They are trying to get you to work harder,don't play the game just drive. You have no control over ratings. Two rides the other day neither one rated me,so as a result 2 zeros brought me down to 4.55, and my acceptance rating is 62%.


----------



## CrazyUberdriver (Jul 12, 2015)

And don't ask for 5 stars they will complain to uber. Just be quiet and drive.


----------



## CrazyUberdriver (Jul 12, 2015)

And everyone complains about no tips. Those two people who didn't rate gave me 5.oo tip each.


----------



## Desert Driver (Nov 9, 2014)

CrazyUberdriver said:


> They are trying to get you to work harder,don't play the game just drive. You have no control over ratings. Two rides the other day neither one rated me,so as a result 2 zeros brought me down to 4.55, and my acceptance rating is 62%.


Just a little FYI - paxs who do not rate you do not impact your driver rating. Thankfully, you do not get an automatic zero if the pax fails to rate you. It's just an unrated ride. Otherwise, we'd ALL be deactivated. Many paxs are simply too apathetic to rate their drivers.


----------



## CrazyUberdriver (Jul 12, 2015)

Of course they affect your rating ,my 7 day rating is now lower. And I would like to know how many drivers have been deactivated. You as a driver cost uber nothing why would they throw potential fares away.


----------



## Desert Driver (Nov 9, 2014)

CrazyUberdriver said:


> Of course they affect your rating ,my 7 day rating is now lower. And I would like to know how many drivers have been deactivated. You as a driver cost uber nothing why would they throw potential fares away.

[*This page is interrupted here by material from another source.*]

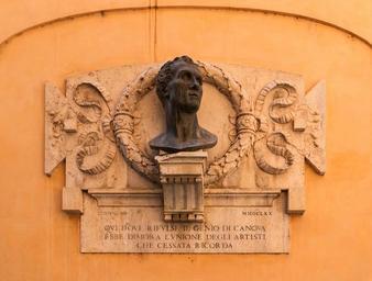 Keywords: Buste Canova, studio via delle Colonnette, Rome, Italie.jpg fr Buste de Canova au mur de son atelier via delle Colonnette Rome Italie en Bust to Antonio Canova on a wall of his workshop via delle Colonnette Rome Italy 1870-01-01 2013-08-24 for photograph own Jebulon 41 907423 12 477001 cc-zero Uploaded with UploadWizard Studio Canova Rome 19th-century bronzes in Italy Portraits of Antonio Canova Quality images by Jebulon QualityImage |

Actually, they don't. You got low ratings from a pax or two, unfortunately.


----------



## CrazyUberdriver (Jul 12, 2015)

And if anyone has been deactivated I'm sure it has nothing to do with acceptance rate or rating. I posted the other that my background check had been approved, I started driving in May it came back the end of October. Maybe something showed up there,and uber couldn't take the chance. Sounds more reasonable to me.


----------



## JimS (Aug 18, 2015)

Why hasn't the OP responded?


----------



## rld0220 (Oct 1, 2015)

I thought you had a 100 ride grace period before you could get deactivated.

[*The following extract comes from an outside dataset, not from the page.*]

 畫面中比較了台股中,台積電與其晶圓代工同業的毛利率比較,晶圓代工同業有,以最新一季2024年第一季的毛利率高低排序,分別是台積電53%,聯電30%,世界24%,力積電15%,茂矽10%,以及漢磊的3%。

It wouldn't take very many crap riders to deactivate you if you could be removed after 50.


----------



## Tlc33: (Nov 4, 2015)

Thanks for the tips! I will try some early mornings see if that helps I live near several hotels airport colleges the mall so my choice in deme graphics is big it's plaxi myself in the "right" spot at the right time I gotta figure out I will be so upset if I get deactivated for doing the right things I like doing this and need the money ....would saying my goal is a 5 star ride let me know if there is anything you need be bad when they get in?


----------



## FlDriver (Oct 16, 2015)

Coachman said:


> I find 4:30-7:00am to be good for ratings. About half of my early morning runs are airport trips. The other half are people heading to work at Tom Thumb or Starbucks. I rarely get bad ratings from these riders.


How do you know you get good ratings from those riders? Where are you seeing which riders gave you what rating?


----------



## JimS (Aug 18, 2015)

Tlc33: said:


> Thanks for the tips! I will try some early mornings see if that helps I live near several hotels airport colleges the mall so my choice in deme graphics is big it's plaxi myself in the "right" spot at the right time I gotta figure out I will be so upset if I get deactivated for doing the right things I like doing this and need the money ....would saying my goal is a 5 star ride let me know if there is anything you need be bad when they get in?


1) Clean Car - no odors, no obvious signs of wear. Wash & vaccuumed.
2) Clean You - no odors, decent grooming
3) Be personable
4) Keep your Navigation open and visible so the rider can trust that you're selling them a ride - not taking them for a ride. If you deviate, be prepared to explain why.
5) Never ask for 5*
6) Try offering mints. I've obsoleted the water - no one bothered. Mints, people like. I get sugar free because I'm diabetic, and some have appreciated that.
7) Do your best to adhere to "The customer is always right" mantra. So long as you're not transporting drunk Taco Bell execs, you shouldn't have a problem doing this. Minor inconveniences on your part show that you value them as a customer.
8) As they leave the car, thank them with a spiel such as "Thanks for riding with Uber. I know you have a choice and we're better than Lyft even though most of us drive for both [alternate Lyft/Uber as required]. Don't forget any of your personal belongings - your phone, your wallet, your kids..." Ok, maybe just "Thanks for choosing Uber" is nice.


----------



## JHawk (Oct 27, 2015)

FlDriver said:


> How do you know you get good ratings from those riders? Where are you seeing which riders gave you what rating?


I don't know of any way to see specific ratings from specific riders, but depending on when you drive, you can look on your dashboard under "summary and trips" and look at the number of rides and your rating for the most recent day. It's not the most scientific method, but if it shows you gave 5 rides, and your rating based on the response ratings from those rides is 4.xx...then you can reasonably figure out who might have rated you less than 5 starts


----------